Signed-off-by: Chih-En Lin <shiyn.lin@xxxxxxxxx>
---
include/linux/mm.h | 1 +
include/linux/pgtable.h | 28 ++++++++++++++++++++++++++++
mm/memory.c | 1 +
3 files changed, 30 insertions(+)

diff --git a/include/linux/mm.h b/include/linux/mm.h
index 965523dcca3b8..bfe6a8c7ab9ed 100644
--- a/include/linux/mm.h
+++ b/include/linux/mm.h
@@ -2290,6 +2290,7 @@ static inline bool pgtable_pte_page_ctor(struct page *page)
__SetPageTable(page);
inc_lruvec_page_state(page, NR_PAGETABLE);
page->cow_pte_owner = NULL;
+ set_page_count(page, 1);
return true;
}

diff --git a/include/linux/pgtable.h b/include/linux/pgtable.h
index 25c1e5c42fdf3..8b497d7d800ed 100644
--- a/include/linux/pgtable.h
+++ b/include/linux/pgtable.h
@@ -9,6 +9,7 @@
#ifdef CONFIG_MMU

#include <linux/mm_types.h>
+#include <linux/page_ref.h>
#include <linux/bug.h>
#include <linux/errno.h>
#include <asm-generic/pgtable_uffd.h>
@@ -628,6 +629,33 @@ static inline bool cow_pte_owner_is_same(pmd_t *pmd, pmd_t *owner)
return smp_load_acquire(&pmd_page(*pmd)->cow_pte_owner) == owner;
}

+static inline int pmd_get_pte(pmd_t *pmd)
+{
+ return page_ref_inc_return(pmd_page(*pmd));
+}
+
+/*
+ * If the COW PTE refcount is 1, instead of decreasing the counter,
+ * clear write protection of the corresponding PMD entry and reset
+ * the COW PTE owner to reuse the table.
+ * But if the reuse parameter is false, do not thing.
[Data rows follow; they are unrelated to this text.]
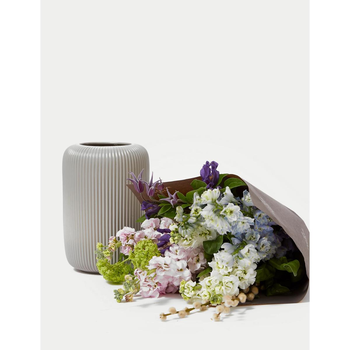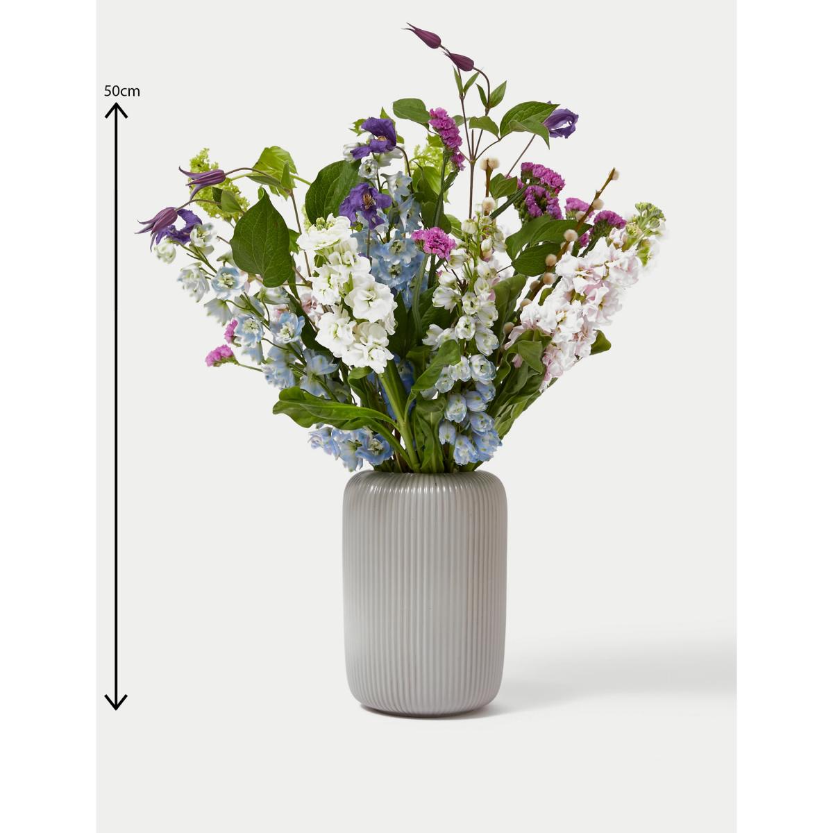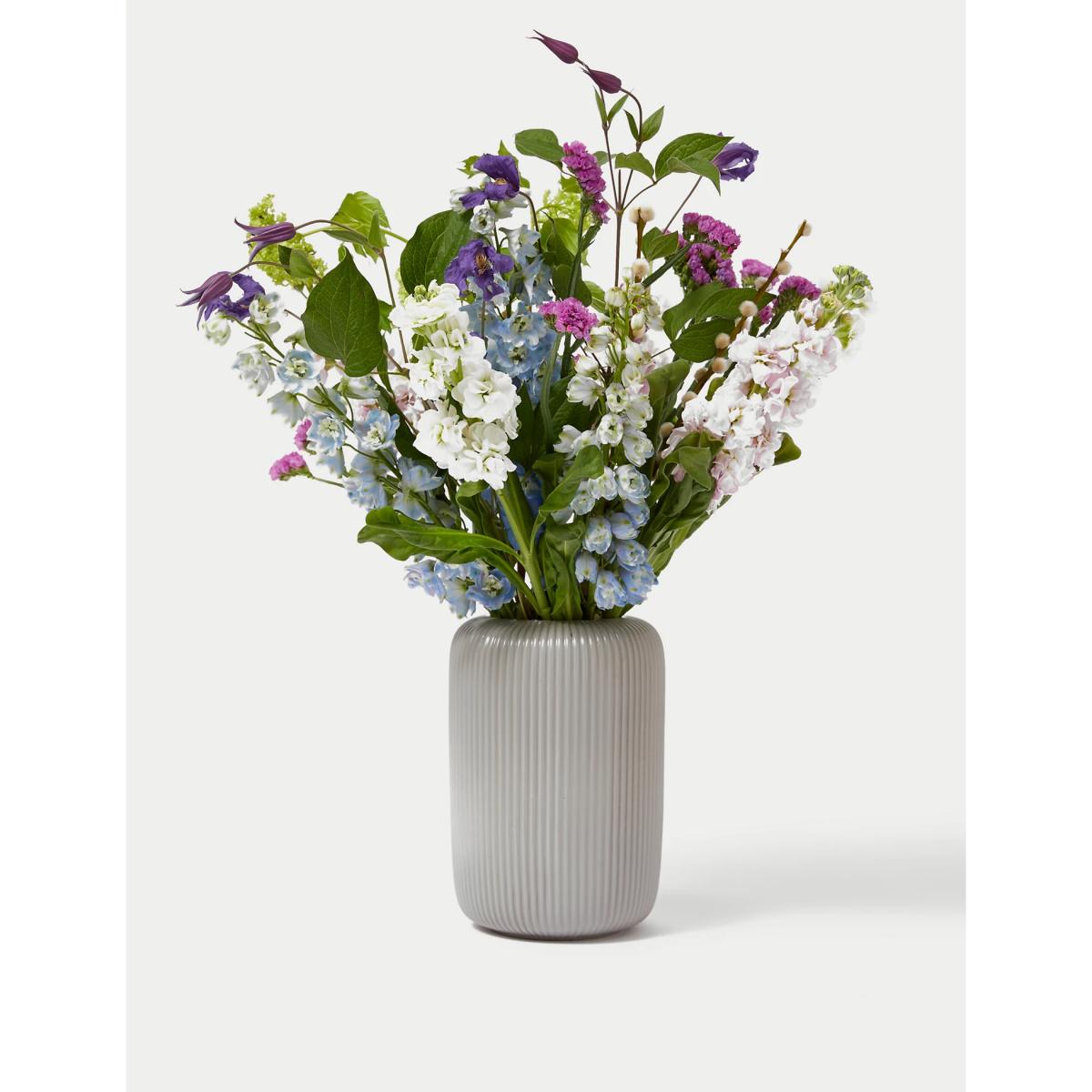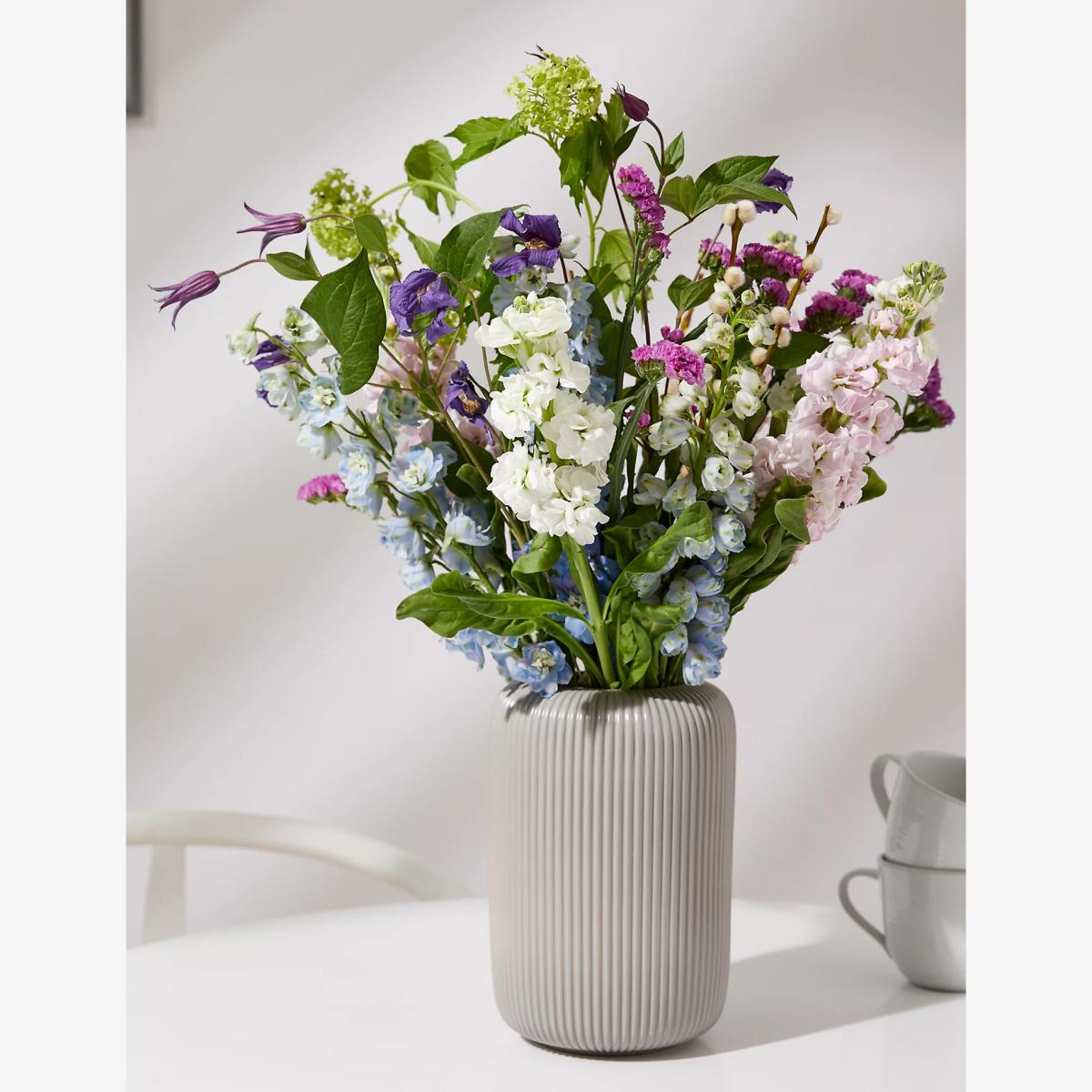 I love this vase and arrangement for its fresh, natural look that suits a variety of interiors. The delicate Delphinium and Clematis bouquet bring colour and life to a space without feeling overwhelming, making it a great focal point on a side table or mantelpiece. It works especially well in modern or Scandinavian-inspired interiors thanks to the simple, ribbed vase design that offers a subtle texture. For styling tips, try grouping it with other neutral or soft-toned accessories to let the flowers stand out, and change the water regularly to keep the blooms looking their best. This setup can easily transition from everyday casual to more polished arrangements for special occasions.
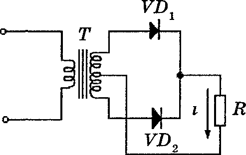 На рис. 12.3 изображена двухполупериодная схема, где Т -трансформатор с отводом от середины вторичной обмотки, VD1 и VD2 - полупроводниковые диоды, а R - нагрузка.34эм.14.11.14г.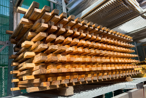 A stack of wooden pallets rests neatly in natural light, showcasing the efficiency of material organization at a busy construction site.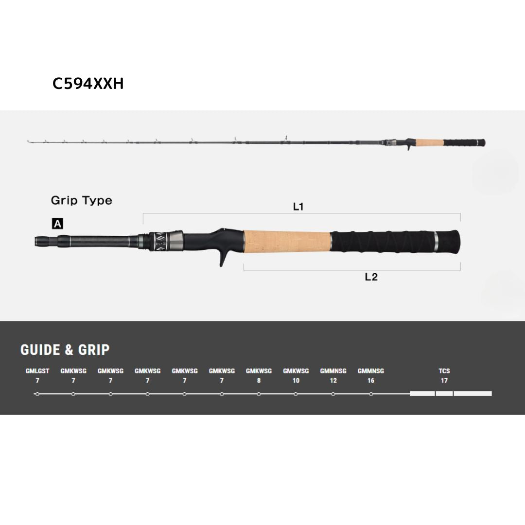 【C594XXH】LENGTH(ft.in):5'9" PIECE:4 CLOSED LENGTH(cm):49 ROD WEIGHT(g):172 LURE WEIGHT(oz):1.5-8 LINE WEIGHT(lb):PE max 6 L1(mm):380 L2(mm):260 GRIP TYPE:A JAN CODE:4516508 15857 1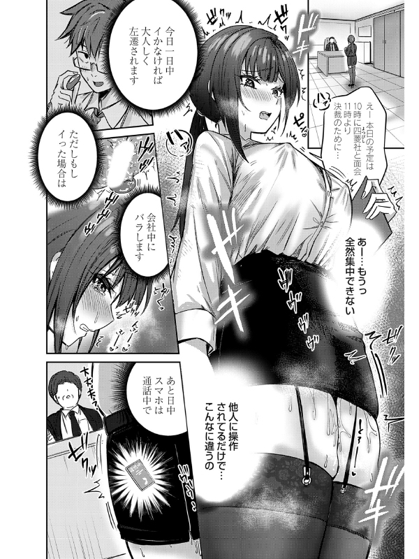 立花(たちばな)は貧乏くじをよく引くせいか、会社で出世が一番遅い。一方同期の小清水(こしみず)は枕営業の噂が絶えない美貌と身体。出世頭で社長秘書。ある日、エレベーターで二人っきりになると立花は謎のリモコンを拾う。動かしてみると、目の前にいた小清水が突然甘い声で喘ぎ出して!?彼女は立花の心配を振り払い下りようとするが、出力最大でまた嬌声をあげる。さらに突起満載のバイブまで膣内から落ちてしまい…。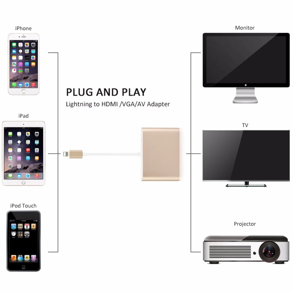 Achat Meilleur Haute Qualité Date Pour La Foudre à Numérique AV Vidéo HDMI HDTV VGA AV Câble Adaptateur Pour iPhone 8 7 7 Plus 6 6 s Pour iPad Série Pas Cher En Ligne.
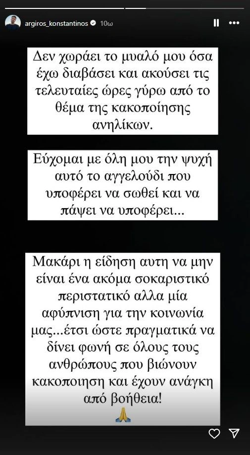 Με ανάρτησή του στον λογαριασμό του στο Instagram ο Κωνσταντίνος Αργυρός αναφέρθηκε στο σοκαριστικό περαστικό της κακοποίησης του 3χρονου αγοριού στην Κρήτη από τη μητέρα και τον σύντροφό της.

This help us
+ * to handle the situation that PTE table we already handled.
+ */
+static inline int pmd_put_pte(struct vm_area_struct *vma, pmd_t *pmd,
+ unsigned long addr, bool reuse)
+{
+ if (!page_ref_add_unless(pmd_page(*pmd), -1, 1) && reuse) {
+ cow_pte_fallback(vma, pmd, addr);
+ return 1;
+ }
+ return 0;
+}
+
+static inline int cow_pte_count(pmd_t *pmd)
+{
+ return page_count(pmd_page(*pmd));
+}
+
#ifndef pte_access_permitted
#define pte_access_permitted(pte, write) \
(pte_present(pte) && (!(write) || pte_write(pte)))
diff --git a/mm/memory.c b/mm/memory.c
index d29f84801f3cd..3e66e229f4169 100644
--- a/mm/memory.c
+++ b/mm/memory.c
@@ -2875,6 +2875,7 @@ void cow_pte_fallback(struct vm_area_struct *vma, pmd_t *pmd,
pmd_t new;

VM_WARN_ON(pmd_write(*pmd));
+ VM_WARN_ON(cow_pte_count(pmd) != 1);

start = addr & PMD_MASK;
end = (addr + PMD_SIZE) & PMD_MASK;
--
2.37.3